Um terceiro se emocionou com o final conciliador onde Kens e Barbies, Allan e os “fora da linha” podem conviver bem. Um mundo possível para além dos padrões estabelecidos.

Tudo está no filme! São muitas Barbies e muitos olhares. A diversidade está no olhar dos espectadores também. Este é um dos pontos altos do filme: deixar espaço para que o espectador imagine e, portanto, participe. Penetre nas brechas, construa pontes com suas próprias experiências, acione uma outra história para além daquela que está na tela, uma história que tem outra origem.

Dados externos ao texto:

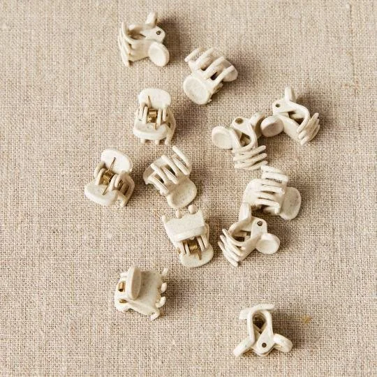 These little toothed-clips grip your knitting during or before seaming. They are also ideal for holding pieces to bag frames or sections for sewing.. They are a discreet clear-matte so the emphasis stays on your yarn or project, not on the clip.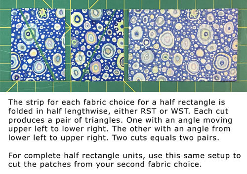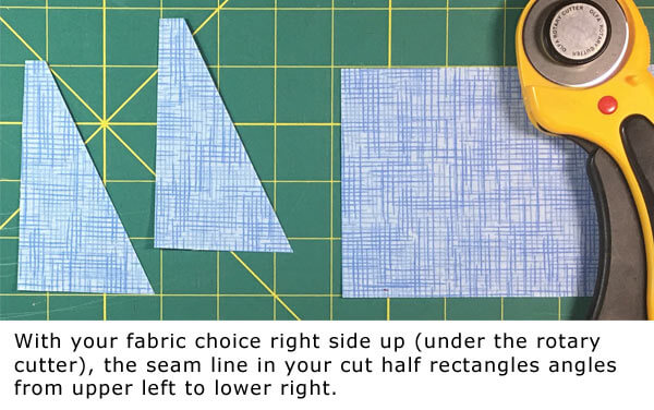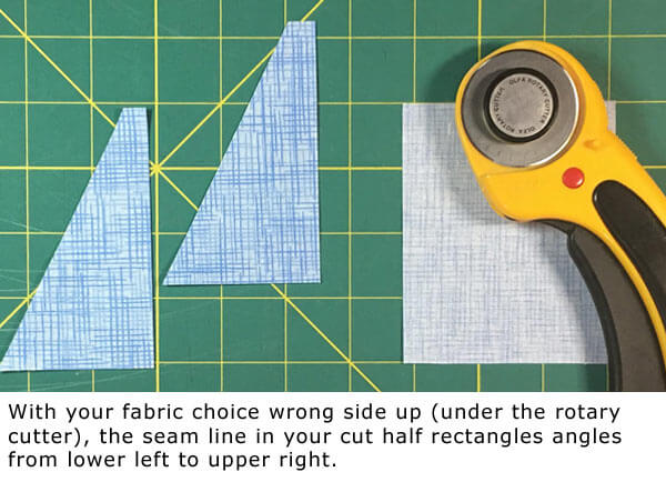 When you cut the strips either both right-side up or both right sides down, you end up with matching units...only the direction of the seam line changes in the finished half rectangle triangles.
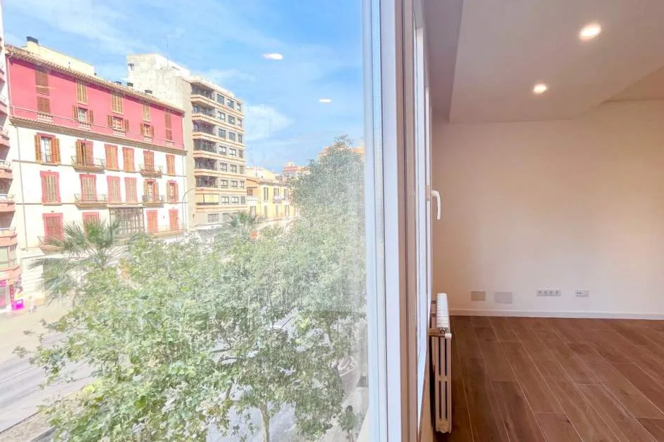 This bright and spacious apartment is located right in the heart of Palma de Mallorca, just a few minutes’ walk from the old town and surrounded by all essential services and public transport. An unbeatable location for those who want to live with all the conveniences of the city within easy reach. The property is rented for long-term stays and unfurnished, giving you the opportunity to decorate it to your taste and create the perfect atmosphere for your new home in Palma. The apartment was completely renovated in 2025 and features a comfortable and functional layout: a large, very bright living room, a separate kitchen equipped with new furniture and appliances, four bedrooms, two bathrooms, an additional interior room ideal as a dressing room or office, and two balconies. Highlights include new air conditioning units installed in all rooms (living room, kitchen, and bedrooms), central gas heating, and high-end windows with thermal and acoustic insulation, ensuring comfort all year round. The building has an elevator and access for people with reduced mobility! In addition, it has two underground parking spaces, both available optionally for €120/month. Ideal for those looking to live in one of the most practical and well-connected areas of Palma, enjoying the perfect balance of comfort, space, and modernity. Don’t miss this opportunity to move into a brand-new home in central Palma! Contact the First Mallorca team for more information or to arrange a viewing.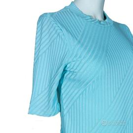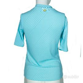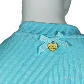 Maglietta azzurra lavorata di Silvian Heach tg XS. A girocollo, con maniche quasi a tre quarti, di colore azzurro turchese, è lavorata a strisce che si intersecano. Come lunghezza arriva sui fianchi. Dietro sul collo. si trova un piccolo fiocchetto dello stesso colore con il marchio Silvian Heach. Indossata poche volte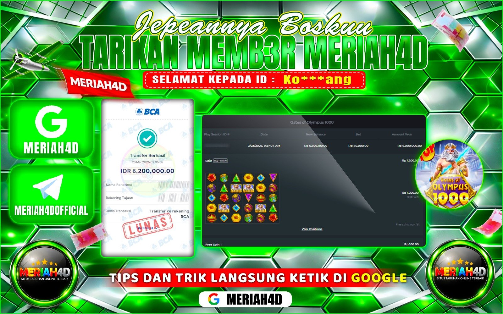 Selamat Kepada ID : Ko***ang Atas Withdraw Rp. 6.200.000 Juta Hari ini. Ditunggu Withdraw Selanjutnya dan ajak juga teman temannya bergabung di Meriah4d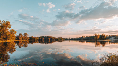 Discover a peaceful autumn landscape featuring a calm lake, vibrant reflections, and a beautiful sky with clouds, perfect for nature lovers and outdoor enthusiasts.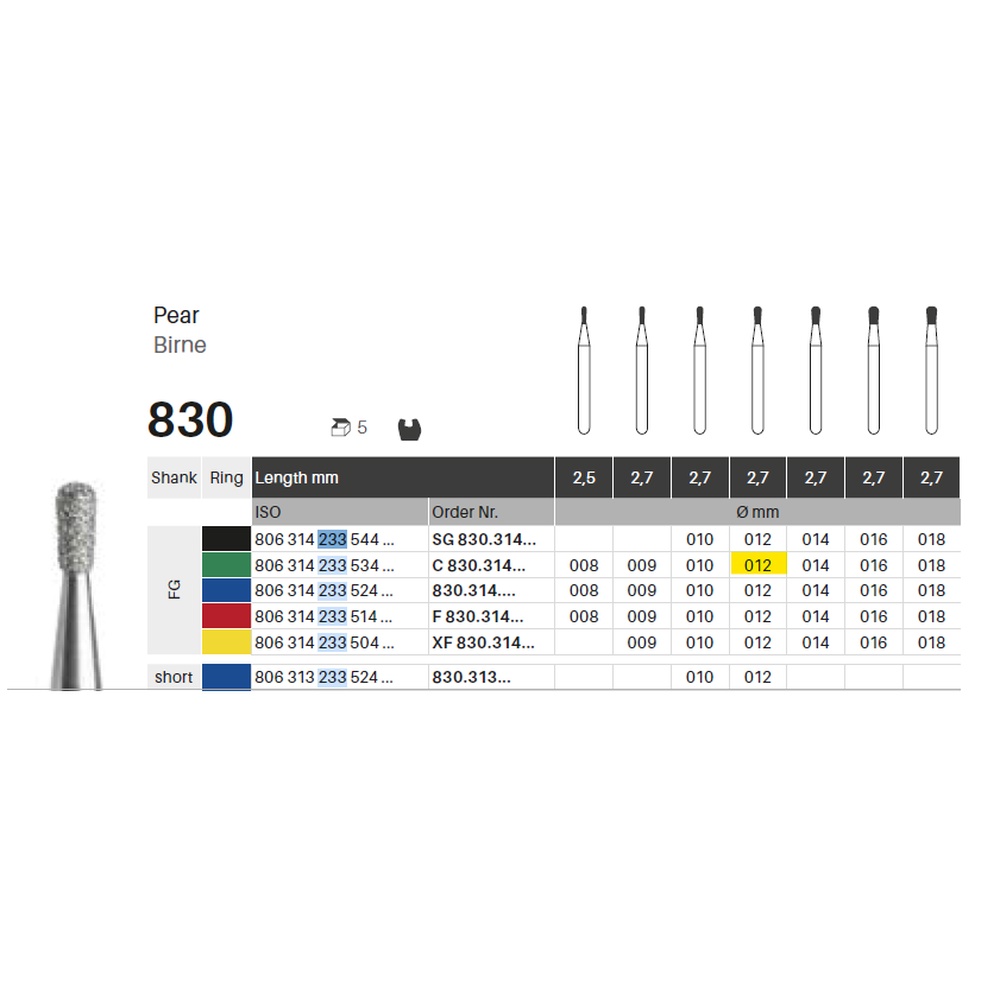 Diamantbor med flere diamantlag i den skærende del, så boret er mere holdbart, effektivt og stabilt. Med "Multilayer Diamond Instrument Guarantee" som er producentens garanti for et bor med en god skære-evne over længere tid. Til præparation, til FG, pæreformet, grov med grøn ring, hovedlængde 2,7 mm, 233/012 C (830).
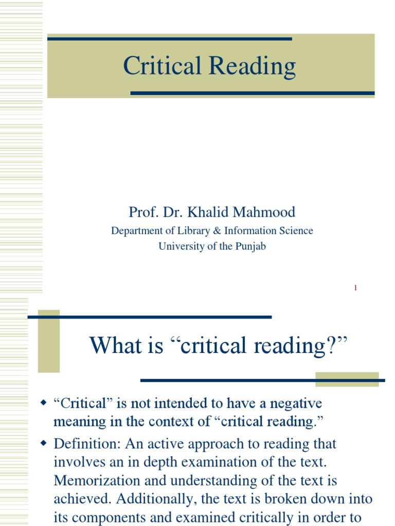 What Is The Definition Of Critical Reading

No filme é a Barbie Estereotipada, a protagonista nessa coletividade, que irá conduzir a grande virada em Barbielândia, o mundo mágico das Barbies. Ela não é uma militante feminista e intelectualizada lutando pelos seus direitos. Não, a Barbie Estereotipada foi ameaçada por pensamentos negativos e pela celulite; essas foram as razões que a levaram a sua jornada individuante. Foi para defender seu mundo cor de rosa que ela partiu, em um carro igualmente cor de rosa e sem motor, rumo ao Mundo Real. Porque só podemos começar o caminho de onde estamos. Não há um ponto de partida coletivo para a jornada pessoal. Para algumas será a celulite, para outras a perda de uma pessoa querida, mas para quase todas é a vontade de sair da caixa.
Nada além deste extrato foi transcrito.